Visual constancy can be divided into various types depending on the visual cues and the differences involved, such as size, brightness, and shape (see here). Size constancy involves recognizing two objects as the same even when they are different sizes, based on perspective. For instance, a dog walking down the street toward you (Figure 2A) looks like it is growing in size. But, thanks to size constancy, your brain knows the dog is just getting closer. Brightness constancy, also known as illumination constancy, is when the lighting changes, but you know that the object did not change. For example, when telling ghost stories, the storyteller may shine a flashlight on his face from underneath (Figure 2B), but you can still recognize him. Shape constancy is when you understand that the object is the same even if it appears to change shape—for instance, when it is seen from a different point of view (Figure 2C).

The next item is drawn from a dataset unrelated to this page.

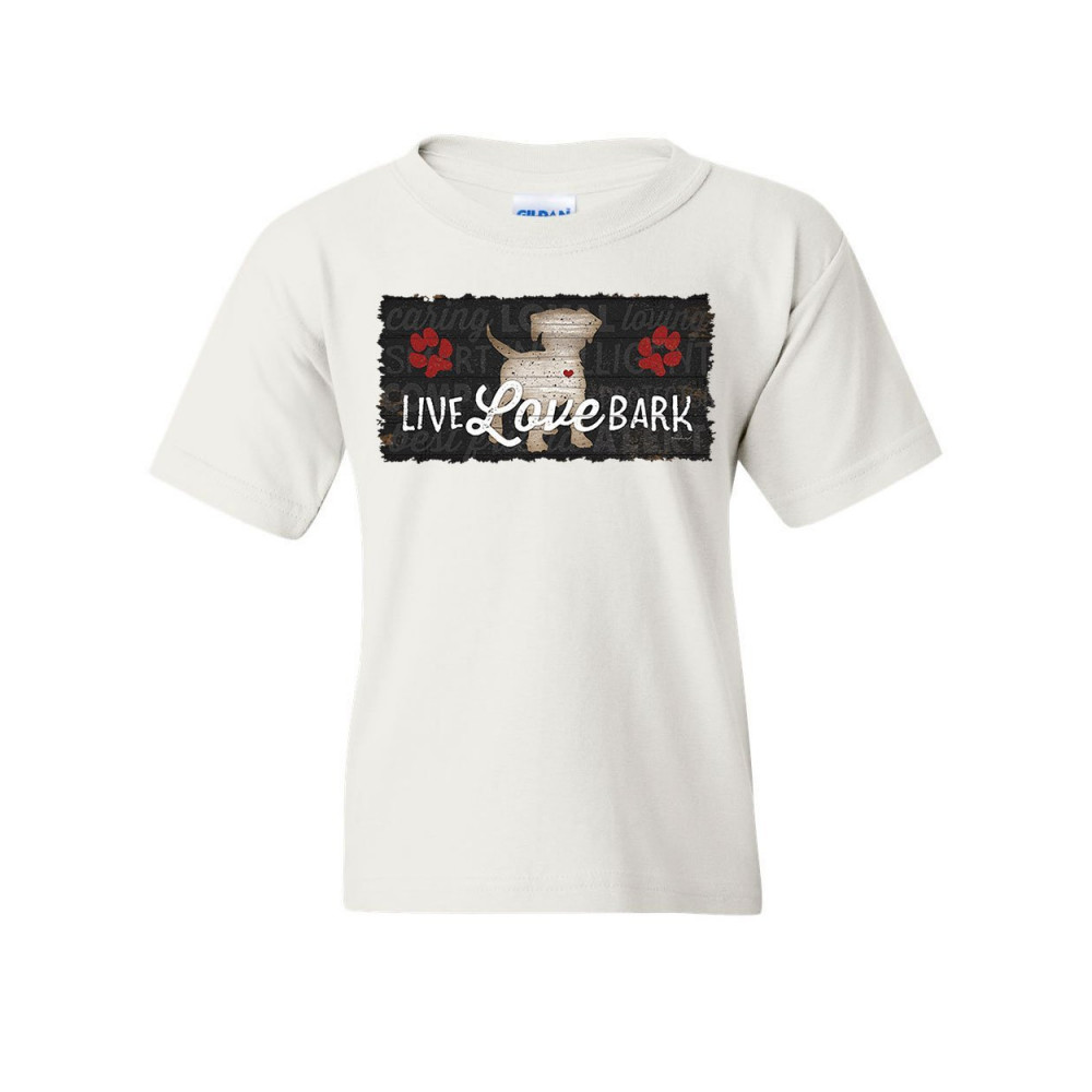 LIVE LOVE BARK youth t-shirt cute dog puppy doggie paw wiggle pet woof kids tee white

Visual constancy has many names depending on the field of science and who is studying it. In computer science, researchers call it object invariance. Other scientists call it object constancy or perceptual constancy [2]. Perceptual constancy applies to all our senses (including vision, hearing, and touch), whereas visual constancy applies only to the sense of vision. Perceptual constancy helps us recognize that objects continue to exist even when they cannot be seen, heard, or felt [3].

Without Constancy, We Could Not Function

Perceptual constancy is important for daily living. This is because even when the objects around us stay the same, the information our brains receive about them keeps changing (see here). If we did not have perceptual constancy, every aspect of our lives would be affected: we would fail to recognize our loved ones if we saw them from another angle, or we would not recognize them if they had a cold and sounded different. We would still be able to see, feel, and listen to objects or sounds, but we would not be able to understand them. The visual world around us would have no meaning because we could not recognize a chair or an apple if these objects moved within the room or if the lighting in the room changed. Therefore, without perceptual constancy, we would not be able to function in the real world at all!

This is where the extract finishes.